It's well beyond theoretical. The system is total nonsense.
I think a sane first step would be a N-month statute of limitations on bills. Anything you're going to be billed for should be sent within N-months. I'm not saying that it should take that long. I'm saying right now there's no limit whatsoever. You could receive a bill for some itemized sub portion (lab work, specialist, a different doctor, etc) a year after a hospital visit and you have no clue what it's for.
And this happened to me. Got a call from a collection agency claiming I owed them money a year after the birth. I called the hospital and got a written confirmation that they had no record of an unpaid or even late bill. I called my insurance and confirmed they had never received a bill for the amount claimed. Upon getting details from the debt collector (later than required by law), I saw a doctor's name. So I went to the hospital, and they had no record of a doctor by that name ever working for them.

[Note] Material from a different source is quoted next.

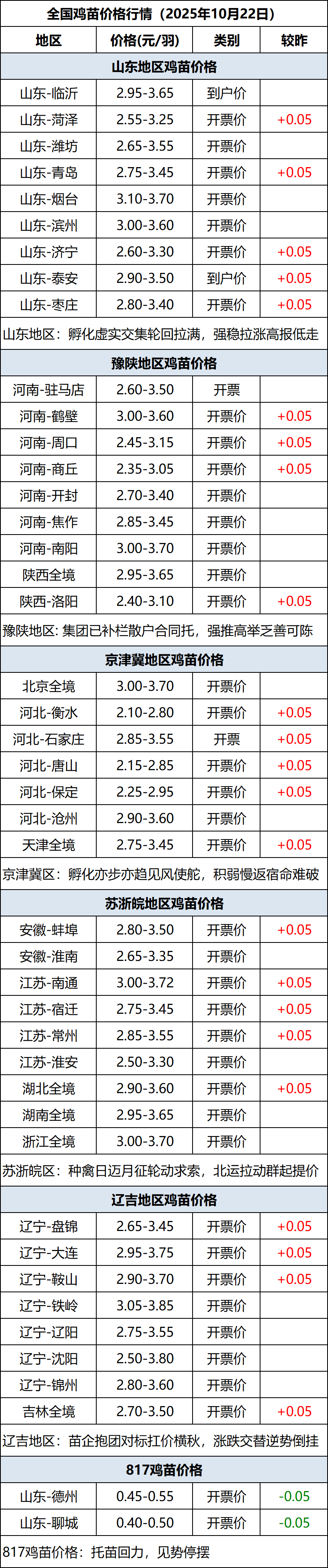 10月22日全国鸡苗(肉鸡)价格行情(涨价)
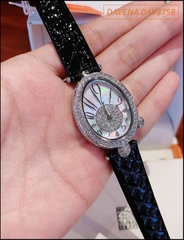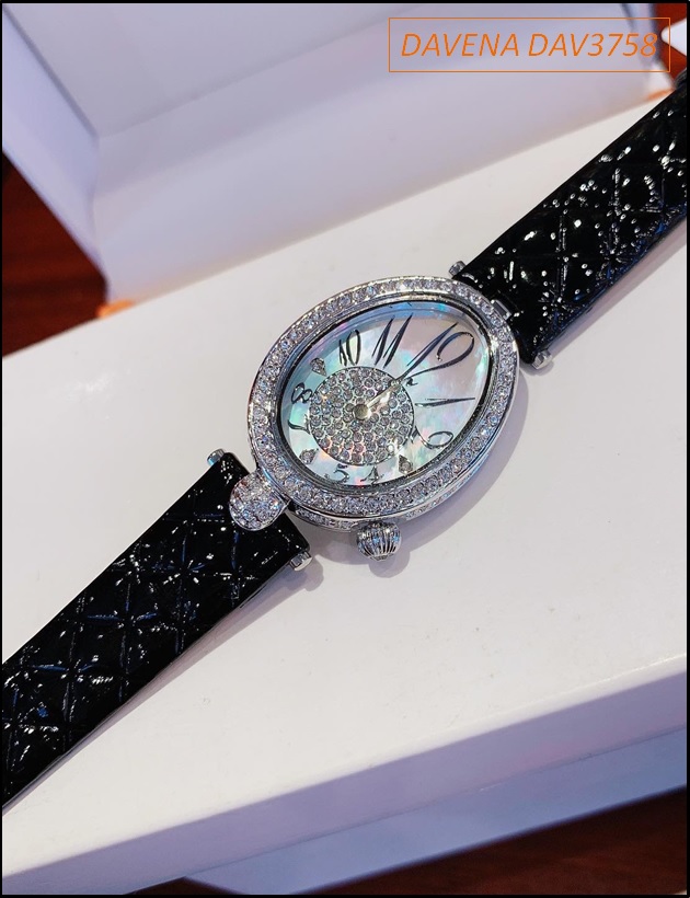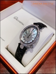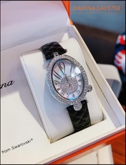 Đồng hồ Nữ Davena Mặt Elip Dây Da Mặt Trắng Đá Swarovski

The bill turned out to be legitimate, in that the doctor was a "traveling anesthesiologist" and was never an employee of the hospital. And they billed separately, and were never given my insurance information. The whole case ended up relying on my wife's signature on a long legal form that she signed while she was dilated to an 8. All the contact information (address, phone, company name) on the documentation led to people who could not confirm any details on the bill. The hospital told me that they have had a lot of reports of doctors who do their own billing not sending bills for months because they're not very organized.
Eventually the anesthesiologist billed it to my insurance correctly and I paid 10% of it. I later found out I could sue the debt collector for not providing details fast enough, but the statute of limitations on their violation had expired.
1 year. It was also a 1 year limit on when they could collect the bill if it wasn't billed to my insurance. Not sure if that would've counted, since the hospital had my insurance and technically I didn't give it directly to the independent doctor, but the only reason they billed my insurance days before it hit a year is because I was crazy persistent and proactive about getting to the bottom of this. Next time I'll let more of the burden of proof remain on them longer.
This happened with our first child on our PPO. We kept getting bills for over a year. I had no idea what half of them were for or who any of the doctors mentioned were. I wouldn't be surprised if some of those bills were scams from people who look for birth announcements in the paper.
Subsequent children were under an HMO, and we never saw a bill.
If scammers do use those announcements, then you would have gotten their fake bills for the subsequent children, because those scammers wouldn't know about the HMO coverage.
(One of the hospital staff could be in on the scam, and target based on insurance coverage, but then they wouldn't need the birth announcements in the paper.)
Even 2.5 years later. The worst part of that all is that you then have to waste time contacting the hospital to make sure it's a legitimate bill, contacting the insurance company - which by then might well be your former insurance company - to make sure they paid their fair share, etc.